Kriptokokosis – İnsanlarda nadiren enfeksiyona neden olan cryptococcus neoformans adlı mantarın yaptığı mantar enfeksiyonudur. Kriptokokosis akciğer, beyin ve omuriliği tutan öldürücü potansiyele sahip bir mantar enfeksiyonudur. Hastalık deriyi nadiren tutabilir ve vücudun herhangi bir yerinde çok sayıdasivilceye benzer kabarıklıklar ve küçük abseler yapar. Beyin ve omuriliği tutan şiddetli olgularda hastanede yapılan agresif tedaviler(damar yolundan ilaç verilmesi gibi) gereklidir
Bakteri enfeksiyonları
HIV enfeksiyonlu hastalar sıklıkla derilerinde bakteri enfeksiyonu geçirir. Damar yolu ile enjeksiyon yapılanlar iğne yerinde abse gelişebilir. Bu bakteri enfeksiyonlarından biri impetigodur. İmpetigoda geniş, içinde iltihap bulunan, kolaylıkla patlayan ve sarımsı bir sıvı sızan kabarcıklar gelişir. Kabarcıklar patlayınca geniş ülserler gelişir ve sarımsı kabuklarla kaplanır. Kabarcıklardan alınan sıvının kültüründe hangi bakterinin ürediği saptanır ve de buna göre uygun antibiyotik başlanır. Bağışıklık sistemi baskılanmış hastalar sıklıkla bakteri enfeksiyonu geçirir ve bu enfeksiyonlar kana ve vücudun çeşitli yerlerine dağılabilir. Bu hastalarda dikkatli bir gözlem ve damar yolu ile antibiyotik kullanılması gereklidir.
Diğer deri hastalıkları
Seboreik dermatit yüzde özellikle yanak, alın, kaş, burun ve kulak, saçlı deri, göğüs ve kasıktagörülen kırmızı üzeri kepekli bir egzema türüdür. Tedavi genellikle krem ve pomatlarla yapılır. HIV enfeksiyonu bulunan hastalarda daha agresif tedavi yapmak gerekebilir.
Sedef – Sedefi bulunan HIV’ li kişilerin sedef bulgularıdaha şiddetlidir. Sedefteki alevlenmede somon renginde üzeri pullu döküntülerin büyüklüğü ve sayısı artar ve tüm deri özellikle saçlı deri, diz ve dirsekler bu döküntü kaplanır. Bazı hastalarda el ve ayak tabanlarında kalın pullar gelişir ve içi iltihaplı kabarcıklar oluşur, bu durum hasta açısından çok rahatsız edici olabilir. Tüm vücut derisini kaplayan kaşıntılı, kırmızı ve pullu sedef tablosu görülebilir. Bu hastalar hastaneye yatırılıp, dermatoloji uzmanı gözetiminde agresif tedaviler uygulanır.
HIVli hastalardaki sedef lokal olarak uygulanan kortizon ve katran tedavilerine ve ışık tedavisine dirençlidir. Şiddetli sedef hastalarında uygulanan metotreksat tedavisi HIV hastaları için bağışıklık sistemini baskıladıkları için tehlikeli olabilir
Kurdeşen ve Kaşıntılı kırmızı kabarcıklı hastalık – HIVli hastalarda sıklıkla bezelye büyüklüğünde, kırmızı ince kabarcıklar yaygın olarak görülür. Ayrıca bazen geniş kurdeşen denen döküntüler görülebilir. Tedaviye dirençli kaşıntı oldukça rahatsız edicidir ve kontrol altına alınması zordur. Hastalık sıklıkla yüksek doz ilaç alımı ile kontrol altına alınabilir.

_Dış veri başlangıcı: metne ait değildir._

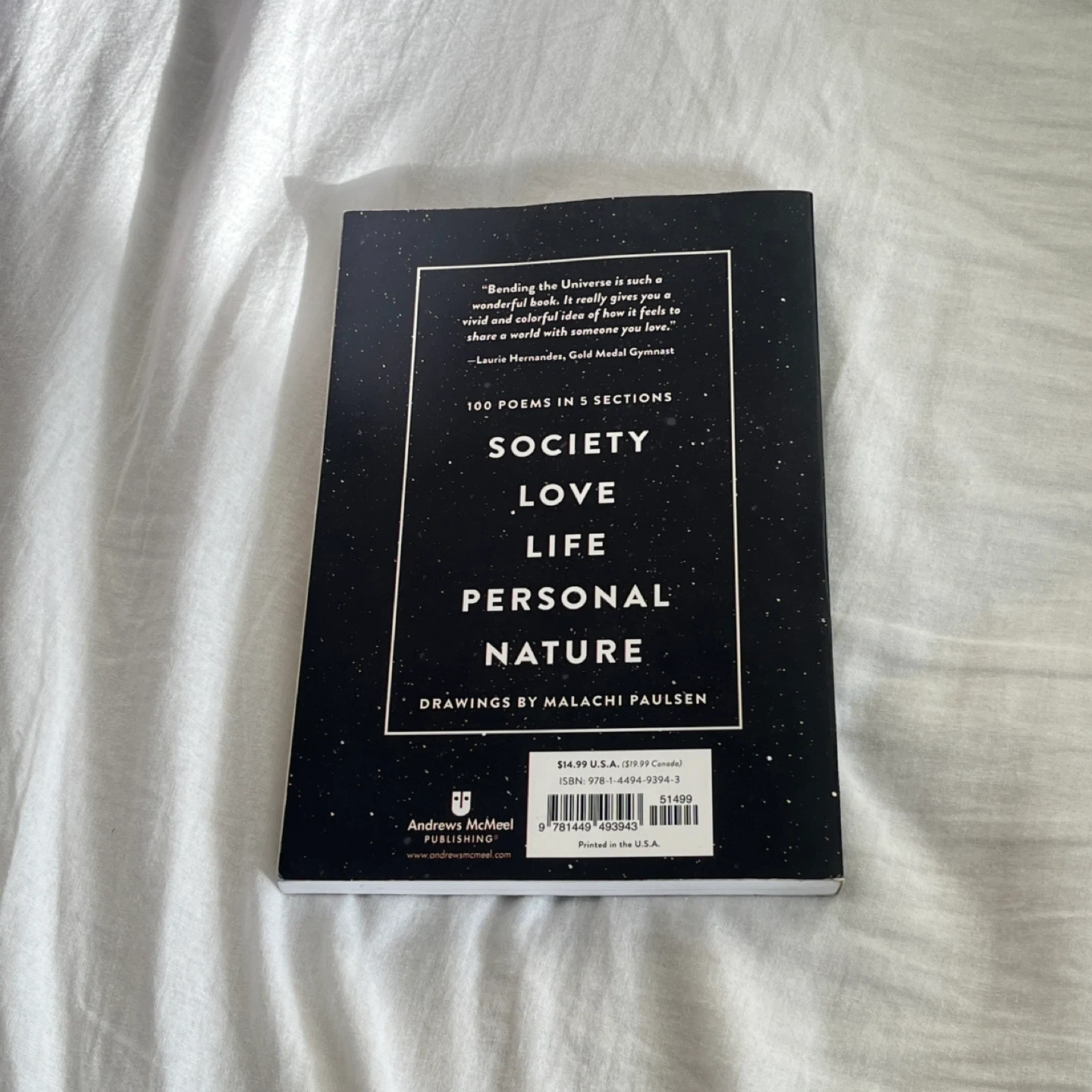 Selling a copy of "Bending the Universe" by Justin Wetch! It's an original poetry collection that's divided into 5 sections: Society, Love, Life, Personal, and Nature. It also features drawings by Malachi Paulsen. A wonderful book!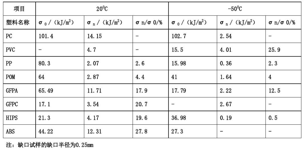 主要塑料無缺口塑料強度和缺口沖擊強度及其比值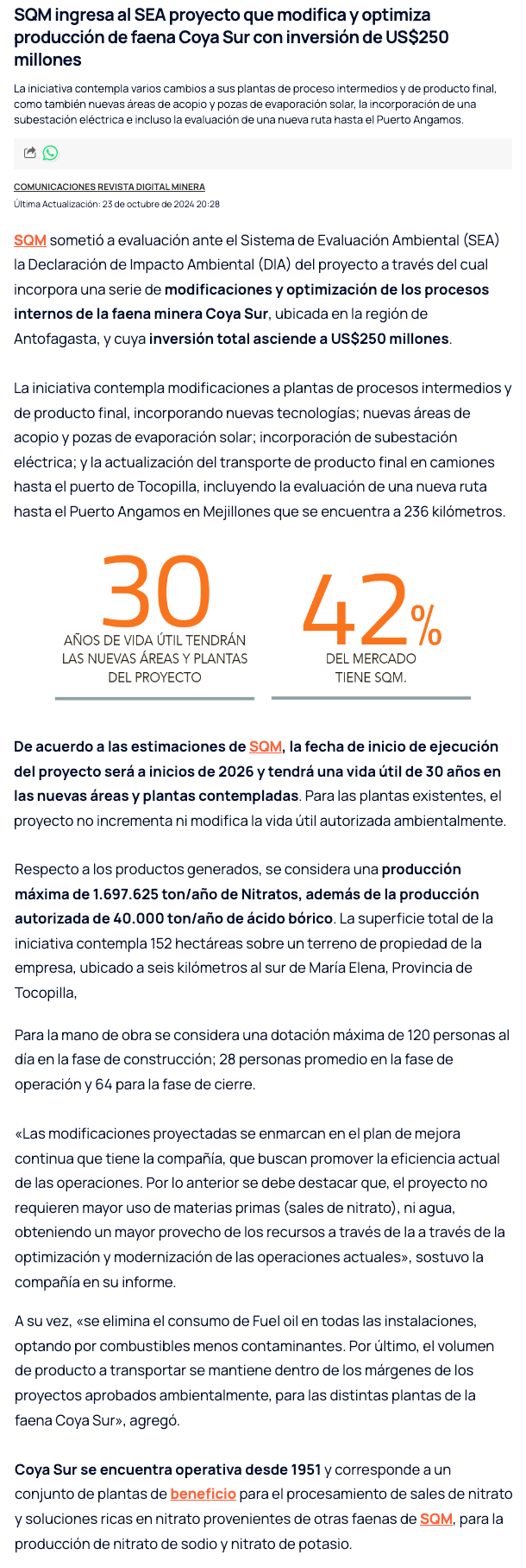 SQM ingresó al SEIA proyecto para optimizar producción de faena de Coya Sur con inversión de US$250 millones - (electromineria.cl)

Yüzde yağ atrofisi- Bu durum HIV enfeksiyonuna bağlı olarak veya tedavide kullanılan ilaçlara karşı gelişen bir durumdur. Bu tablo yüze yağ dokusu veya dolgu maddelerinin enjeksiyonu ile tedavi edilebilir.
Kıl dibi iltihabı ve sivilce benzeri bulgular – HIV enfeksiyonlu bir çok hastada göğüs, sırt, yüz, saçlı deri, bacak ve kalçada kıl diplerine uyan alanda çok sayıda sivilce benzeri döküntü görülebilir. Bu sivilce benzeri döküntü oldukça kaşıntılıdır ve hasta bu döküntüyü kaşıyarak kanatır ve ikincil olarak bakteri enfeksiyonu gelişir. Bu durum kıl dibi iltihabı olarak bilinir ve genellikle antibiyotik, anti bakteriyel sabun ve sivilce tedavisinde kullanılan lokal tedavilerin kombinasyonu ile tedavi edilir.

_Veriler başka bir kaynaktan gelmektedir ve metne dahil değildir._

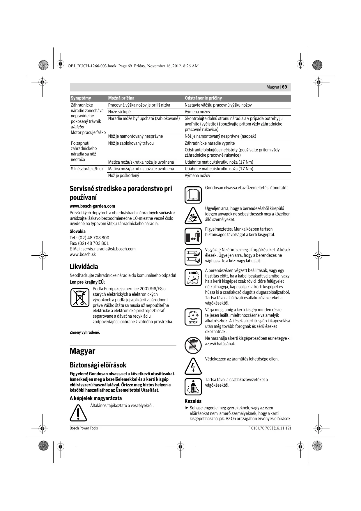 Hľadanie porúch STOP Symptómy Motor sa nerozbehne Možná príčina Výpadok sieťového napätia Zásuvka elektrickej siete je chybná Predlžovacia šnúra je poškodená Poistka vypadla Náradie môže byť upchaté (zablokované) Motorový istič sa inicioval Záhradnícke náradie beží prerušovane Nastavená pracovná výška je pre dané podmienky príliš nízka Predlžovacia šnúra je poškodená Odstránenie príčiny Skontrolujte a zapnite Použite inú zásuvku Skontrolovať prívodnú šnúru a v prípade, že je poškodená, ju vymeniť Vymeňte poistku Skontrolujte dolnú stranu náradia a v prípade potreby ju uvoľnite (vyčistite) (používajte pritom vždy záhradnícke pracovné rukavice) Nechajte motor vychladnúť a nastavte väčšiu pracovnú výšku nožov Nastavte väčšiu pracovnú výšku nožov Skontrolovať prívodnú šnúru a v prípade, že je poškodená, ju vymeniť Vnútorná kabeláž záhradníckeho náradia je Vyhľadajte autorizovanú servisnú opravovňu porušená Motorový istič sa inicioval Nechajte motor vychladnúť a nastavte väčšiu pracovnú výšku nožov F 016 L70 769 | (16.11.12) Bosch Power Tools OBJ_BUCH-1266-003.book Page 69 Friday, November 16, 2012 8:26 AM Magyar | 69 Symptómy Záhradnícke náradie zanecháva nepravidelne pokosený trávnik a/alebo Motor pracuje ťažko Po zapnutí záhradníckeho náradia sa nôž neotáča Silné vibrácie/hluk Možná príčina Pracovná výška nožov je príliš nízka Nože sú tupé Náradie môže byť upchaté (zablokované) Nôž je namontovaný nesprávne Nôž je zablokovaný trávou Matica noža/skrutka noža je uvoľnená Matica noža/skrutka noža je uvoľnená Nôž je poškodený Odstránenie príčiny Nastavte väčšiu pracovnú výšku nožov Výmena nožov Skontrolujte dolnú stranu náradia a v prípade potreby ju uvoľnite (vyčistite) (používajte pritom vždy záhradnícke pracovné rukavice) Nôž je namontovaný nesprávne (naopak) Záhradnícke náradie vypnite Odstráňte blokujúce nečistoty (používajte pritom vždy záhradnícke pracovné rukavice) Utiahnite maticu/skrutku noža (17 Nm) Utiahnite maticu/skrutku noža (17 Nm) Výmena nožov Servisné stredisko a poradenstvo pri používaní Gondosan olvassa el az Üzemeltetési útmutatót. www.bosch-garden.com Pri všetkých dopytoch a objednávkach náhradných súčiastok uvádzajte láskavo bezpodmienečne 10-miestne vecné číslo uvedené na typovom štítku záhradníckeho náradia. Ügyeljen arra, hogy a berendezésből kirepülő idegen anyagok ne sebesithessék meg a közelben álló személyeket. Figyelmeztetés: Munka közben tartson biztonságos távolságot a kerti kisgéptõl. Slovakia Tel.: (02) 48 703 800 Fax: (02) 48 703 801 E-Mail: servis.naradia@sk.bosch.com www.bosch.sk Vigyázat: Ne érintse meg a forgó késeket. A kések élesek. Ügyeljen arra, hogy a berendezés ne vághassa le a kéz- vagy lábujjait. Likvidácia A berendezésen végzett beállítások, vagy egy tisztítás előtt, ha a kábel beakadt valamibe, vagy ha a kerit kisgépet csak rövid időre felügyelet nélkül hagyja, kapcsolja ki a kerti kisgépet és húzza ki a csatlakozó dugót a dugaszolóaljzatból. Tartsa távol a hálózati csatlakozóvezetéket a vágókésektől. Várja meg, amíg a kerti kisgép minden része teljesen leállt, mieltt hozzáérne valamelyik alkatrészhez. A kések a kerti kisgép kikapcsolása után még tovább forognak és sérüléseket okozhatnak. Ne használja a kerti kisgépet esőben és ne tegye ki az eső hatásának. Neodhadzujte záhradnícke náradie do komunálneho odpadu! Len pre krajiny EÚ: Podľa Európskej smernice 2002/96/ES o starých elektrických a elektronických výrobkoch a podľa jej aplikácií v národnom práve Vášho štátu sa musia už nepoužiteľné elektrické a elektronické prístroje zbierať separovane a dávať na recykláciu zodpovedajúcu ochrane životného prostredia. Zmeny vyhradené. Magyar Védekezzen az áramütés lehetősége ellen. Biztonsági előírások Figyelem! Gondosan olvassa el a következő utasításokat. Ismerkedjen meg a kezelőelemekkel és a kerti kisgép előírásszerű használatával. Őrizze meg biztos helyen a későbbi használathoz az Üzemeltetési Utasítást. A képjelek magyarázata Általános tájékoztató a veszélyekről. Bosch Power Tools Tartsa távol a csatlakozóvezetéket a vágókésektől. Kezelés Sohase engedje meg gyerekeknek, vagy az ezen előírásokat nem ismerő személyeknek, hogy a kerti kisgépet használják. Az Ön országában érvényes előírások F 016 L70 769 | (16.11.12) OBJ_BUCH-1266-003.book Page 70 Friday, November 16, 2012 8:26 AM 70 | Magyar lehet hogy korlatozzák a kezelő korát. Ha a kerti kisgépet nem használja, azt gyermekek számára nem elérhető helyen tárolja. Ez a kerti kisgép nincs arra előirányozva, hogy azt olyan személyek (beleértve a gyerekeket) használják, akiknek a fizikai, érzékelési, vagy értelmi képességeik korlátozottak, vagy nincsenek meg a megfelelő tapasztalataik, illetve tudásuk, kivéve ha az ilyen személyekre a biztonságukért felelős más személy felügyel, vagy utasításokat ad arra, hogyan kell használni a kerti kisgépet. Gyerekeket nem szabad a kerti kisgéppel felügyelet nélkül hagyni, nehogy játsszanak a készülékkel. Sohase nyírjon füvet, ha a berendezés közvetlen közelében személyek, mindenek előtt gyerekek vagy háziállatok, tartózkodnak. A más személyek által elszenvedett balesetekért, illetve a más tulajdonában keletkezett károkért a kezelő vagy felhasználó felel. Ne használja a kerti kisgépet mezítláb vagy nyitott szandálban. Viseljen mindig stabil lábbelit és egy hosszú nadrágot. Gondosan vizsgálja meg a megmunkálni kívánt területet, és távolítsa el a köveket, botokat, drótokat, csontokat és egyéb idegen tárgyakat. A használat előtt mindig ellenőrizze, n

Yukarıda bahsedilen hastalıkların bir çoğu HIV enfeksiyonunu taşımayan sağlıklı hastalarda da yaygın olarak görülür. Bununla beraber bir kişi HIV enfeksiyonu açısından yüksek risk taşıyorsa ve yukarıdaki tablolardan biri mevcut ise, bu bulguların HIV enfeksiyonunun neden olduğu bağışıklık yetmezliğinin bir belirtisi olabileceği göz önünde bulundurmalıdır.